Procalcitonin has the diagnosis value in the ventilator-associated pneumonia patients. Serum procalcitonin level>0.5 ng/ ml had a role at quite good ventilator-associated pneumonia diagnosis (the area under the curve 0.78) with the sensitivity 68.25% and the specificity 89.83%. Furthermore, procalcitonin has also prognostic value in treatment outcome and mortality rate in the ventilator-associated pneumonia patients. Mortality rate was 75% at serum procalcitonin level>10 ng/ml in the ventilator-associated pneumonia, and the higher serum procalcitonin level was associated with the higher mortality rate.

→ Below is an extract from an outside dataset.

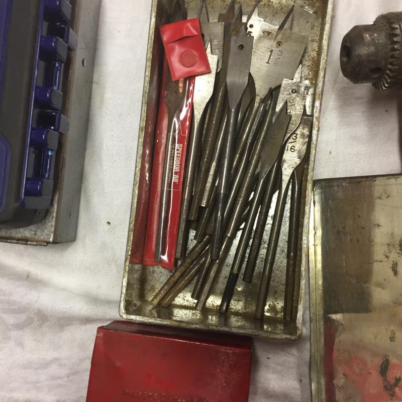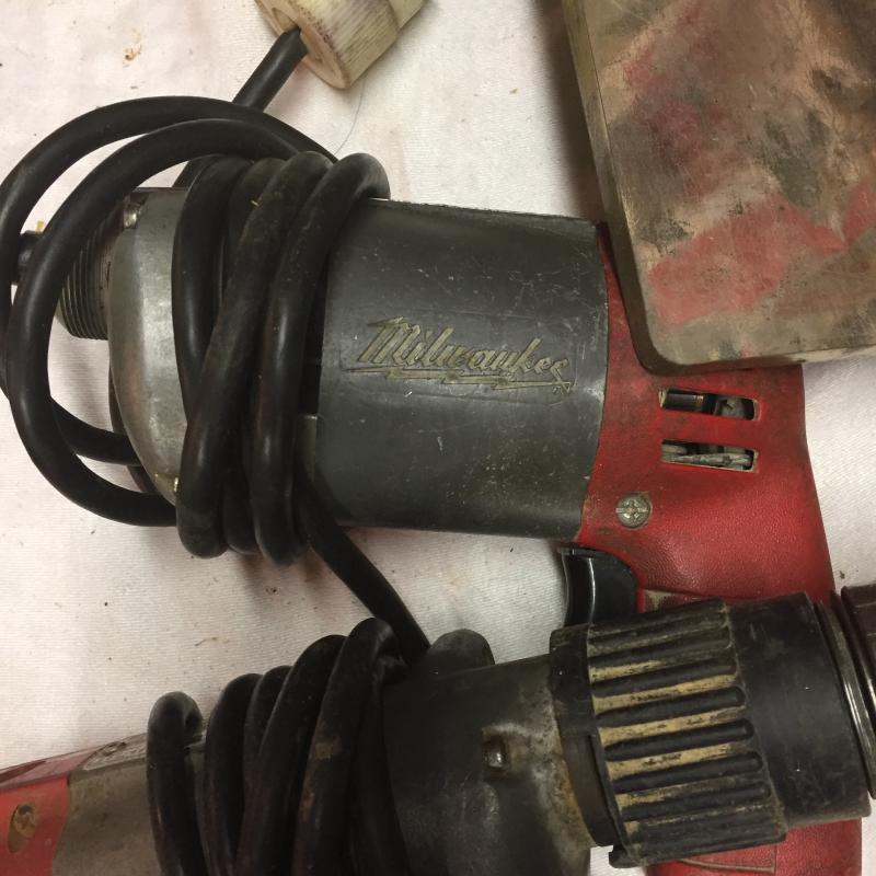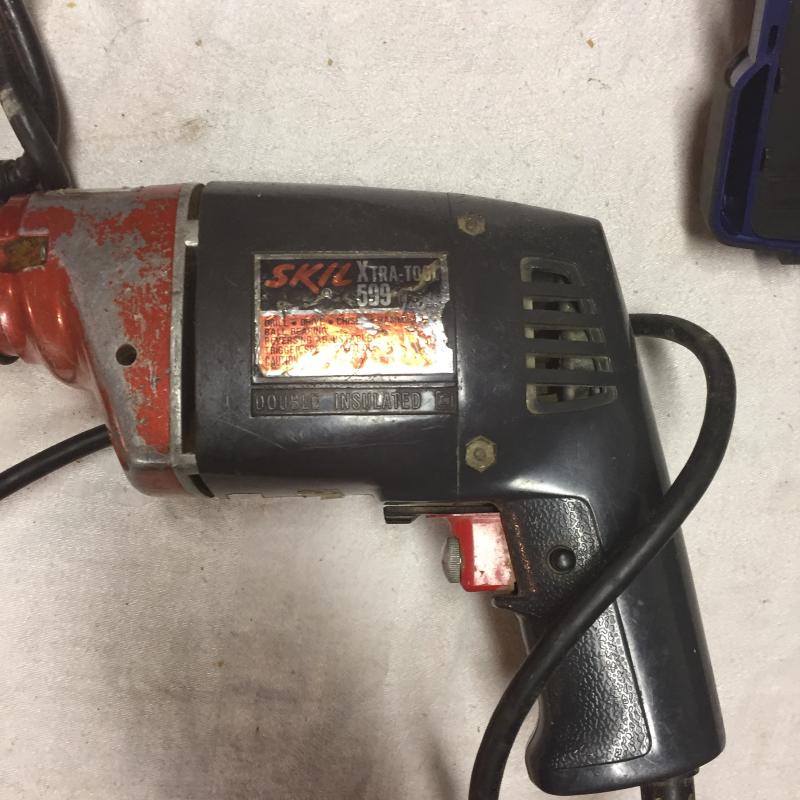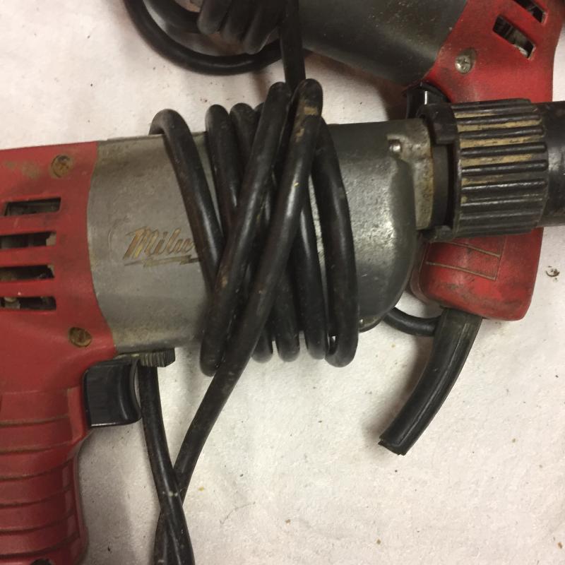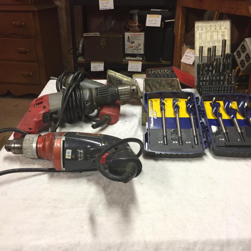 2 Milwaukee Drills 1 Skil Drill and Assortment of Drill Bits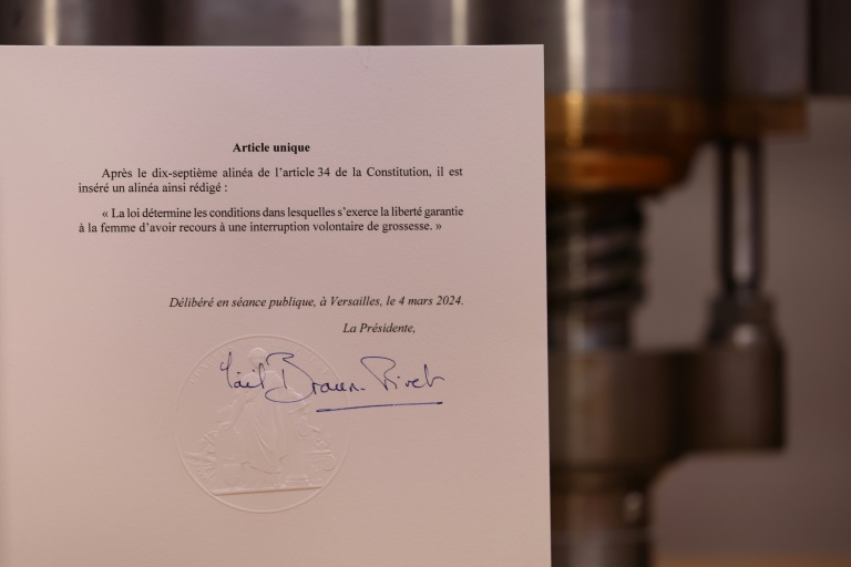 President Emmanuel Macron pledged last year to enshrine abortion -- legal in France since 1975 -- in the constitution after the United States Supreme Court in 2022 overturned the half-century-old right to the procedure, allowing individual American states to ban or curtail it.

Our study had a limitation that serum procalcitonin level was assessed only on T1, T3, T5, and T7 with reference to the time of the ventilator-associated pneumonia diagnosis. We suggest that determining the variable either daily or more frequently would be more useful.
None of the authors has a financial relationship with a commercial entity that has an interest in the subject of this manuscript.